Mardi 8 mai 2007 2 08 /05 /2007 21:37


« Jamais un grand peuple comme le nôtre ne sera un peuple d’esclaves… » (Appel du 10 juillet 1940
M. Thorez et J. Duclos).

Chef de file de tous ceux qui rêvent de revanche sur mai 68, sur le 29 mai 2005, sur 1945 et 1936, et même à certains égards sur 1789, Sarkozy accède à l’Elysée. Tout devient possible en matière de réaction et de répression. Le PRCF s’honore d’avoir appelé à faire barrage à cet émule de Le Pen et de Bush, qui prépare avec le MEDEF sa rupture fascisante avec tout ce que notre pays a de meilleur. Des temps difficiles s’annoncent ; il faudra faire preuve de sang-froid et d’abnégation, à l’instar des Jacobins sous la Restauration, des amis des Communards sous Versailles et… des Résistants sous Vichy (Vichy, dont Sarkozy partage le bagage idéologique !).
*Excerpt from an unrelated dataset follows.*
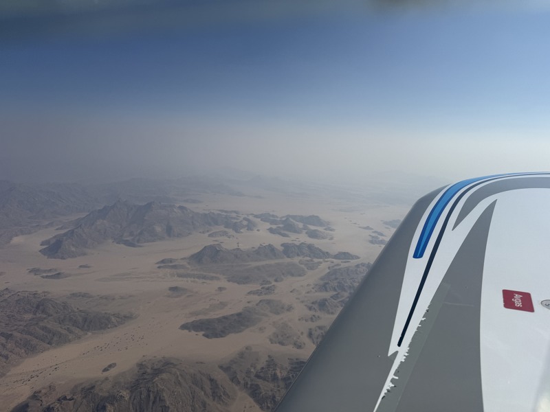 U letu nad pouští jsem se trochu obával vysokých teplot. Byl jsem ale mile překvapený, protože v letové výšce kolem 9000 stop byla teplota kolem deseti stupňů, což bylo velmi příjemné a dalo se tak dobře snést i pražení sluníčka přímo do hlavy. Na zemi byla teplota příjemných 25-27 stupňů.

Ce « triomphe de la démocratie » chanté par les médias est en fait le résultat d’un piège politique savamment préparé que le PRCF a analysé dans de précédentes déclarations. Sinon, comment expliquer qu’un peuple qui vient de rejeter l’euro-constitution et dont la jeunesse s’est insurgée contre le CPE, se donne à un individu qui veut généraliser la précarité, « liquider l’héritage de mai 68 » et imposer la constitution supranationale sans nouveau référendum ? Certes, ceux des travailleurs qui ont voté Sarkozy sont loin de partager majoritairement son idéologie fascisante ; mais il semble aussi qu’une partie du peuple français, qui globalement résiste depuis vingt ans à la « contre-révolution conservatrice » de Thatcher-Reagan, mais à qui la fausse gauche a obstinément refusé toute rupture progressiste avec l’Europe du capital, flirte avec l’idée dangereuse que « puisqu’il n’y a pas d’alternative au libéralisme, autant y aller franchement avec Sarko… »

Pour autant soyons sans rancœur envers les travailleurs qui, trompés par le populisme du Berlusconi français, ont voté pour leur pire ennemi, un homme dangereux pour la France et pour les autres pays. Administrés depuis 30 ans à dose massive, le racisme et l’anticommunisme poussent à la « droitisation » de la société : cela se traduit par le réformisme fade de la « gauche anti-libérale », par le compagnonnage du PS et de la droite « centriste », par la fascisation galopante de l’UMP : comment combattre efficacement Sarkozy quand, comme Royal, on sacralise « l’entreprise », l’Europe, « l’ordre juste » et les thèmes sécuritaires ? Accablante est aussi la responsabilité de ces dirigeants du PCF qui depuis des décennies ont banni de leur langage la belle expression de classe ouvrière, qui amusent le tapis avec l’« Europe sociale » et qui ont abandonné l’idée d’indépendance nationale à la réaction. Combien aura-t-il fallu de trahisons pour que des millions d’électeurs de gauche, votent pour le favori de Bush et du MEDEF ?

Pour résister et préparer la contre-attaque, les travailleurs ne devront pas compter sur les états-majors syndicaux « euro-constructifs » : c’est à la base, en opposant un front uni aux répressions, que nous devrons reconstruire. Car le Front hétéroclite des richards de Neuilly et de certains Smigards abusés par « Sarkopen », se fissurera rapidement. Si une avant-garde éclaire leur combat, ces travailleurs verront que le « plein emploi » sarkozyste signifie travail forcé et déqualifié pour les chômeurs, Heures Supplémentaires imposées, bas salaires à l’anglaise, dictature patronale, chute du pouvoir d’achat réel (si les « charges » ne rentrent plus, chacun paiera de sa poche sa retraite, ses soins médicaux… et sera à la rue en cas de chômage !), mise à l’index des agents du secteur public. Le dépeçage de l’Education nationale et de l’Hôpital, les délocalisations que Sarkozy ne peut interrompre sans briser le traité de Maastricht (« l’UE est une économie de marché ouverte sur le monde »), les cadeaux fiscaux aux plus riches, aggraveront les conditions de vie de la majorité. En évitant les provocations, auxquelles l’UMP a intérêt pour gagner les législatives, ne laissons rien passer sans dénonciation publique : un pour tous, tous pour un, défendons tout syndicaliste réprimé, montrons que l’anticommunisme vise toute la classe laborieuse.., et l’affrontement de classes cherché par Sarkozy finira bien par se retourner contre lui !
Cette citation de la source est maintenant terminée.